> What to do: Transcribe exactly, and only, the lines that fall between the line containing "सैफई (इटावा), 12" and the last line of the material, both ends included, omitting any pictures.

> Records to process:
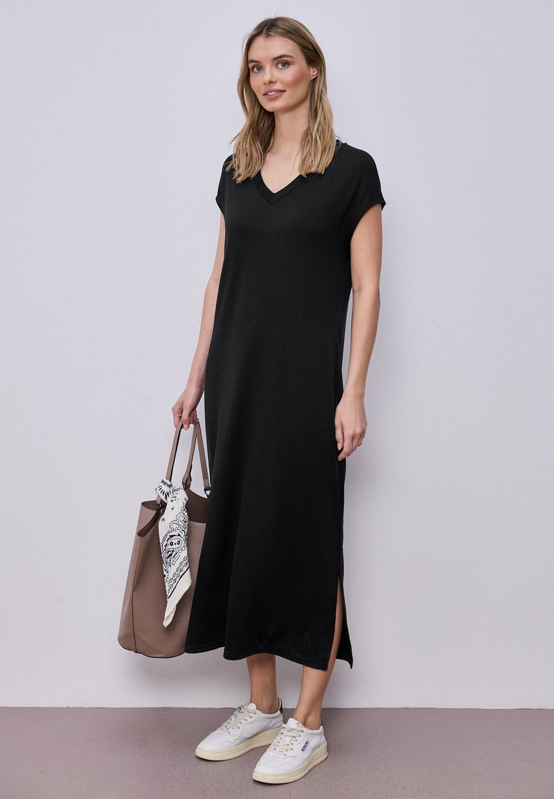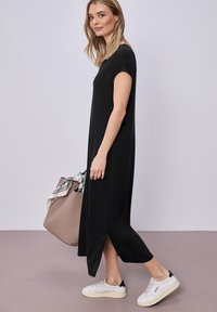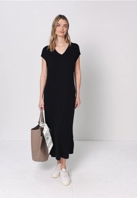 Frau trägt ein schwarzes Midi-Kleid mit V-Ausschnitt und kurzen Ärmeln mit Seitenschlitzen, weiße Sneaker, hält eine taupefarbene Einkaufstasche mit weißem, gemustertem Schal.
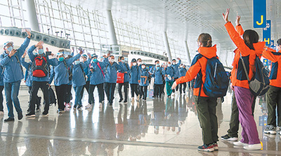 3月17日,在武漢天河機場,山東國家緊急醫學救援隊隊員(左側)向江蘇國家緊急醫學救援隊隊員揮手致意。新華社記者 熊琦攝
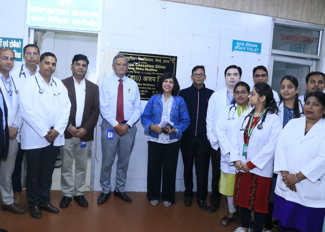 सैफई (इटावा), 12 नवम्बर 2025। उत्तर प्रदेश आयुर्विज्ञान विश्वविद्यालय (यूपीयूएमएस), सैफई के श्वसन रोग विभाग के तत्वावधान में “तंबाकू निषेध क्लिनिक” का शुभारंभ माननीय कुलपति
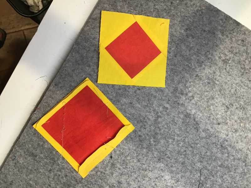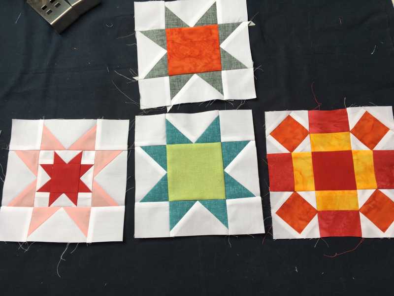 I really had a hard time doing the paper piecing for the star block. After a horrific mistake and then reviewing Alex’s lesson five times I finally got it, Here is the horrible mistake, the corrected center and my first star.
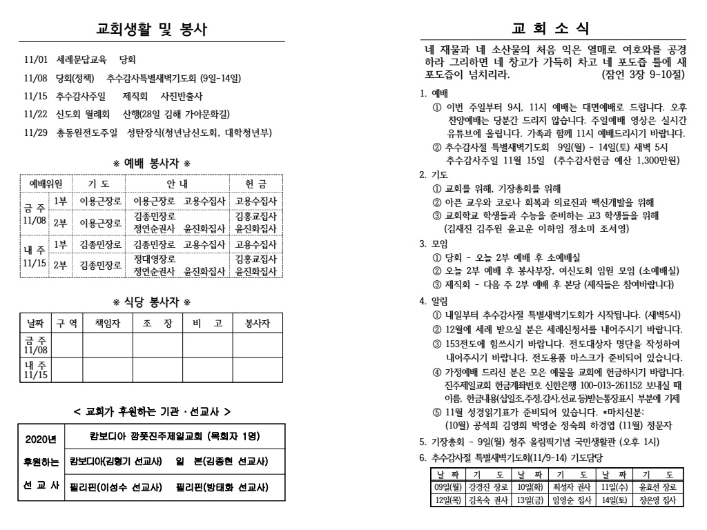 2020³â 11¿ù 01ÀÏ (âÁ¶Àý ¾ÆÈ©Â°ÁÖÀÏ) ÁÖº¸

> Answer for this exercise:
 सैफई (इटावा), 12 नवम्बर 2025। उत्तर प्रदेश आयुर्विज्ञान विश्वविद्यालय (यूपीयूएमएस), सैफई के श्वसन रोग विभाग के तत्वावधान में “तंबाकू निषेध क्लिनिक” का शुभारंभ माननीय कुलपति
 I really had a hard time doing the paper piecing for the star block. After a horrific mistake and then reviewing Alex’s lesson five times I finally got it, Here is the horrible mistake, the corrected center and my first star.
 2020³â 11¿ù 01ÀÏ (âÁ¶Àý ¾ÆÈ©Â°ÁÖÀÏ) ÁÖº¸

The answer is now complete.